Dominio público

Unas semanas delicás

Nacho Vegas

Una leyenda popular que me fascina, bien conocida en la comarca valenciana de La Safor, es la de la delicá de Gandía. Cuentan que en esa localidad había hace siglos una joven tan, tan frágil que murió cuando un pétalo de jazmín le rozó la cabeza. La historia es cursi y patriarcal, lo sé, pero lo interesante está en su origen: al parecer esa chica realmente existió, y halló la muerte mientras paseaba por los alrededores de la Colegiata de Gandía con tan mala suerte que uno de los ornamentos de su rosetón se desprendió a su paso, le cayó encima y la desgració; el "pétalo" era de piedra maciza y pesaba más de 400 kg.

Ocurre constantemente: cuando la realidad nos resulta demasiado dolorosa o simplemente incómoda, la transformamos para poder digerirla mejor, dulcificándola o buscando vías que la hagan más conveniente. En definitiva, nos mentimos. Es justo decir que otras veces el proceso se sitúa en el lado opuesto: transformamos la realidad en ficción de modo que esta nos revele algún tipo de verdad oculta. Pero no quería hablar aquí de buenas canciones, sino de esas otras que parecen sonar bonitas y que al cabo resultan empalagosas, cuando no directamente detestables.
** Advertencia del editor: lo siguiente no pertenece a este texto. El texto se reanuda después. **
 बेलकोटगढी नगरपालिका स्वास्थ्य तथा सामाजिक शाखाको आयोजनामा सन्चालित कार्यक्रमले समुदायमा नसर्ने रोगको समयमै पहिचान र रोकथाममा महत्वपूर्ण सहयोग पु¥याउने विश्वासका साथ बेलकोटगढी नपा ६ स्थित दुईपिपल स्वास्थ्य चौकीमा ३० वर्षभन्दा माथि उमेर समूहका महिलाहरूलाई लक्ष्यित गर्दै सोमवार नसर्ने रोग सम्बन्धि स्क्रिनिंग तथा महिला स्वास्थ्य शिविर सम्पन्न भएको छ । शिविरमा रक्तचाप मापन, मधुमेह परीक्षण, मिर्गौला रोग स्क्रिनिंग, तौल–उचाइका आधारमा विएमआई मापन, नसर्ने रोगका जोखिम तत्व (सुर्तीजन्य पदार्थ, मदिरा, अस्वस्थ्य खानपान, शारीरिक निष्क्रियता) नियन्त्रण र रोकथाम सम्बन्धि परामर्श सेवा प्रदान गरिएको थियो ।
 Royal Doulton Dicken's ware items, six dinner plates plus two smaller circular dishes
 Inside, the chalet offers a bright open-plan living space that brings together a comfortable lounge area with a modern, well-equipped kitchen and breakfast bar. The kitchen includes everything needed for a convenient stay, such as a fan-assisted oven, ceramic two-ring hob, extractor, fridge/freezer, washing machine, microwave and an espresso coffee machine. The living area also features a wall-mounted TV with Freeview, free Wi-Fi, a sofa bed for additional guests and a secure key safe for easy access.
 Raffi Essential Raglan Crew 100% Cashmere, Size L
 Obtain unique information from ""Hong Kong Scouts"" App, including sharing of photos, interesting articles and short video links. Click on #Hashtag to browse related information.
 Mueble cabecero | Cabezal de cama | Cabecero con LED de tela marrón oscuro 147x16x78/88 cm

Lo común a todos los casos es que lo importante no es tanto lo que cuentas sino cómo y desde dónde lo cuentas; eso que llamamos el relato o la narrativa.

Los que nacimos en los 70 crecimos escuchando relatos bastante burdos que nos vendían una España moderna y sobre todo, unida. Pero nuestro coming of age en los 90, en una tierra maltratada como Asturies, estuvo marcado por la represión de las luchas obreras, amigos insumisos en la cárcel, otros forzados a salir de su tierra para buscar trabajo y algunos que nos dedicamos a tratar de ponerle banda sonora a aquello. Y poco a poco empezó a instalarse de forma silenciosa pero devastadora una revolución neoliberal que necesitaba de nuevas narrativas, nuevas mentiras que disfrazaran el empobrecimiento de las clases populares para hacerlo pasar por prosperidad. Para cada nuevo aplastamiento surgía una nueva delicá.

La idea de la unidad de España no ha variado mucho con los años, sigue siendo algo tan forzado, endeble y casposo que no sorprende la cantidad de patrañas que precisa para esconder sus miserias. Por eso me sorprendí de hallarme sorprendido ante todo el jaleo que las últimas semanas ha generado una amnistía que de todos modos llegó tarde, mal y nunca.

De todas las narrativas posibles, lo más honesto para los detractores de la amnistía habría sido quedarse con la que soltó aquel joven en la primera de las movilizaciones: se trataba de «puto defender España»; un relato sintético a la par que enfático que explicaba muy bien tanto revuelo. Pero luego llegaron los jueces (y los fiscales, y hasta el CGPJ) mostrando su rechazo al pacto de gobierno. Aprendimos un nuevo término -lawfare- y supimos que peligraba la democracia y la separación de poderes (solo les faltó decir que había armas de destrucción masiva).

Ah, la judicatura; esa simpática casta que procesó a casi 4000 insumisos (cerca de un millar entró en prisión; cabe recordar que en 1989 el entonces Ministro de Justicia del gobierno del PSOE, Enrique Múgica, también acusó a los insumisos de «desestabilizar el Estado democrático»), autorizó y presenció torturas, cerró medios de comunicación (¿recuerdan el caso Egunkaria?), autorizó miles de desahucios o encausó a activistas, músicos, tuiteras... ¿Cómo no vamos a hacer caso a los jueces, por Dios?